9 Concluding Remarks

This article has been devoted to analyzing right-censored survival data by adapting a weighted likelihood approach. Studies of various theoretical properties of this newly devised estimator have been provided in Biswas et al. (2018). While obtaining the numerical findings, it has been noticed that the convergence of the IREE type algorithm (Basu and Lindsay, 2004) heavily depends upon the choice of the starting values, and, to a lesser extent, on the value of the tuning parameter. A suitable robust estimator should be employed for the quick convergence of the IREE type algorithm.

The scope of this method has been illustrated, apart from simulation, through Efron’s (Efron, 1988) head-and-neck cancer data. In Efron’s data (Arm A), the two clusters in the data were easily separable, and, consequently, the roots representing these clusters could be easily identified. In general, we need some algorithm to uncover all the roots of the system. For this we recommend the bootstrap root search algorithm as described in Markatou et al. (1998).

The problem of early failure in reliability theory is a common one and seems an area worth exploring for the purpose of applying robust statistical methods. In this situation, failure of some items may occur at a very primary period of the experiment. These observations, we suspect, are exceptional when considering the appropriate statistical model. We wish to take up the problem of analyzing data with early failures in a subsequent work.

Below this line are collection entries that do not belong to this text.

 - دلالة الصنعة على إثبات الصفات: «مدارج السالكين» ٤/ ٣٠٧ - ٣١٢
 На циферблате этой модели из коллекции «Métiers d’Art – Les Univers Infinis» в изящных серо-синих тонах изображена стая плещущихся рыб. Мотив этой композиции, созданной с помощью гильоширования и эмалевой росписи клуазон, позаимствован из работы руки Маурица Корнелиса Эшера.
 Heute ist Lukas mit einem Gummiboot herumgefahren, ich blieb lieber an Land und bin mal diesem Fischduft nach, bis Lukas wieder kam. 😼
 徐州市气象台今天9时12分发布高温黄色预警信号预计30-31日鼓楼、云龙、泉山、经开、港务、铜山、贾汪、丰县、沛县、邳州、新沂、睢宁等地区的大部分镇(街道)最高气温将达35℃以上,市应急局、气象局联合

Another possible approach of study, which could be useful for the situation considered in this paper, was suggested by a referee. This would involve performing an initial cluster analysis, followed by an application of the weighted likelihood method of estimation for each of the identified clusters. This would, however, require a robust clustering technique appropriate for right-censored data. We hope to take it up in a sequel paper.